*** Opening DATASET ***

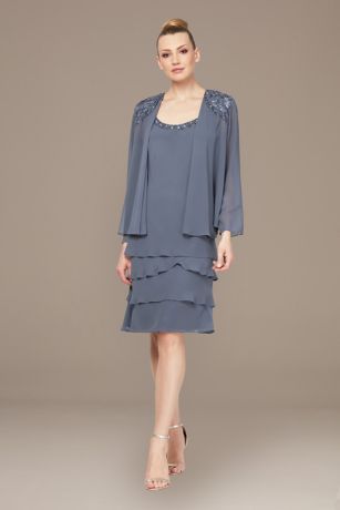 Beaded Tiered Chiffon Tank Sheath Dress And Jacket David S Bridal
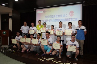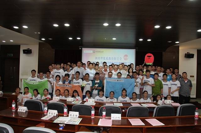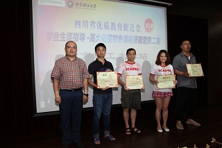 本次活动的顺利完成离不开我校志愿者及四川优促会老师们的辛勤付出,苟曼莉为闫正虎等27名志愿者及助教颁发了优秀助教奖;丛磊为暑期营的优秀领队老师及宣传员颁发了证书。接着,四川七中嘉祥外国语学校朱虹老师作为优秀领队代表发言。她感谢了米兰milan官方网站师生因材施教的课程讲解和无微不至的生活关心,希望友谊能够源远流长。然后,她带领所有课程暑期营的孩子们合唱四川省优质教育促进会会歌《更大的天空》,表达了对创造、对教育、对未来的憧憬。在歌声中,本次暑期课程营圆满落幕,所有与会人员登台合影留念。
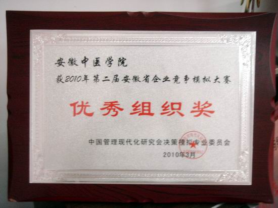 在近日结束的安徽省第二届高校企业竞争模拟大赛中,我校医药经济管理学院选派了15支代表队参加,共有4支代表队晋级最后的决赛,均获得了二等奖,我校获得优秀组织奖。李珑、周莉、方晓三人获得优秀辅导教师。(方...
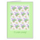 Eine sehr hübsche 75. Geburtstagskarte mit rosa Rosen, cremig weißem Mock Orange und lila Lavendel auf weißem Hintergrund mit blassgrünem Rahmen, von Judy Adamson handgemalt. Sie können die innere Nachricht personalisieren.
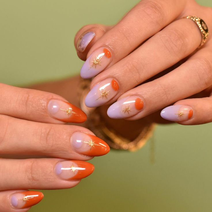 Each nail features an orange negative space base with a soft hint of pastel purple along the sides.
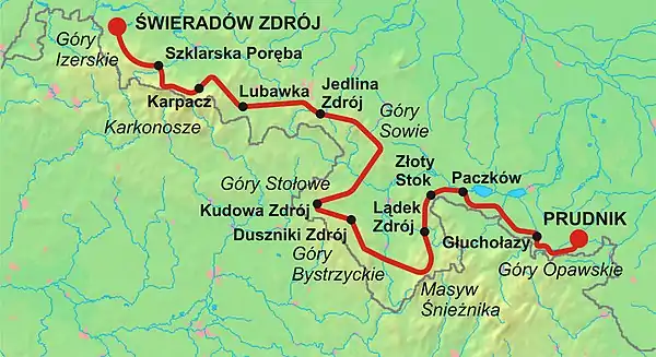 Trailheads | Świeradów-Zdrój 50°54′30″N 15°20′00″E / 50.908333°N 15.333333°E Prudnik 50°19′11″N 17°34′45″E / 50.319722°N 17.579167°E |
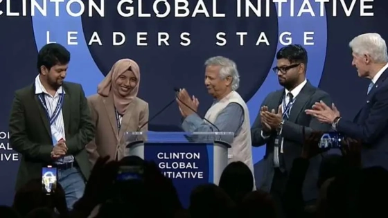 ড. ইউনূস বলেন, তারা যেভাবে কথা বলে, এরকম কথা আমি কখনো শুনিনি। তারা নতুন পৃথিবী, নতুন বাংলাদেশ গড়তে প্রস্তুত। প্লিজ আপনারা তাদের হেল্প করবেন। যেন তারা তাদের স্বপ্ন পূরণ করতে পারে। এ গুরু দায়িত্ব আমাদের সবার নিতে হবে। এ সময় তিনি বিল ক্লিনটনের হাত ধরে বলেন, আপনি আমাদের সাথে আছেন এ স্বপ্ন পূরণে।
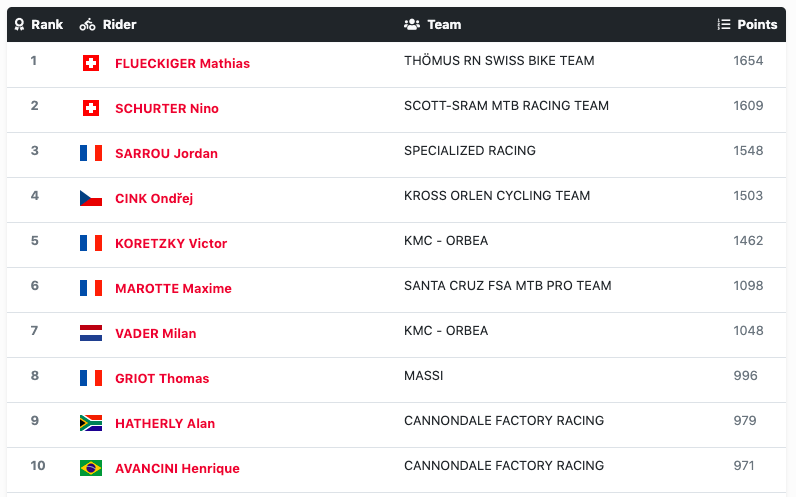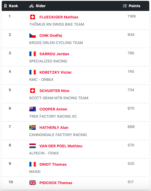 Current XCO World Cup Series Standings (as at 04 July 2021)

*** Closing DATASET ***

Return only the lines from the line containing "本次活动的顺利完成离不开我校" through the last line of the records above, both ends included, exactly as written, leaving pictures out.

 本次活动的顺利完成离不开我校志愿者及四川优促会老师们的辛勤付出,苟曼莉为闫正虎等27名志愿者及助教颁发了优秀助教奖;丛磊为暑期营的优秀领队老师及宣传员颁发了证书。接着,四川七中嘉祥外国语学校朱虹老师作为优秀领队代表发言。她感谢了米兰milan官方网站师生因材施教的课程讲解和无微不至的生活关心,希望友谊能够源远流长。然后,她带领所有课程暑期营的孩子们合唱四川省优质教育促进会会歌《更大的天空》,表达了对创造、对教育、对未来的憧憬。在歌声中,本次暑期课程营圆满落幕,所有与会人员登台合影留念。
 在近日结束的安徽省第二届高校企业竞争模拟大赛中,我校医药经济管理学院选派了15支代表队参加,共有4支代表队晋级最后的决赛,均获得了二等奖,我校获得优秀组织奖。李珑、周莉、方晓三人获得优秀辅导教师。(方...
 Eine sehr hübsche 75. Geburtstagskarte mit rosa Rosen, cremig weißem Mock Orange und lila Lavendel auf weißem Hintergrund mit blassgrünem Rahmen, von Judy Adamson handgemalt. Sie können die innere Nachricht personalisieren.
 Each nail features an orange negative space base with a soft hint of pastel purple along the sides.
 Trailheads | Świeradów-Zdrój 50°54′30″N 15°20′00″E / 50.908333°N 15.333333°E Prudnik 50°19′11″N 17°34′45″E / 50.319722°N 17.579167°E |
 ড. ইউনূস বলেন, তারা যেভাবে কথা বলে, এরকম কথা আমি কখনো শুনিনি। তারা নতুন পৃথিবী, নতুন বাংলাদেশ গড়তে প্রস্তুত। প্লিজ আপনারা তাদের হেল্প করবেন। যেন তারা তাদের স্বপ্ন পূরণ করতে পারে। এ গুরু দায়িত্ব আমাদের সবার নিতে হবে। এ সময় তিনি বিল ক্লিনটনের হাত ধরে বলেন, আপনি আমাদের সাথে আছেন এ স্বপ্ন পূরণে।
 Current XCO World Cup Series Standings (as at 04 July 2021)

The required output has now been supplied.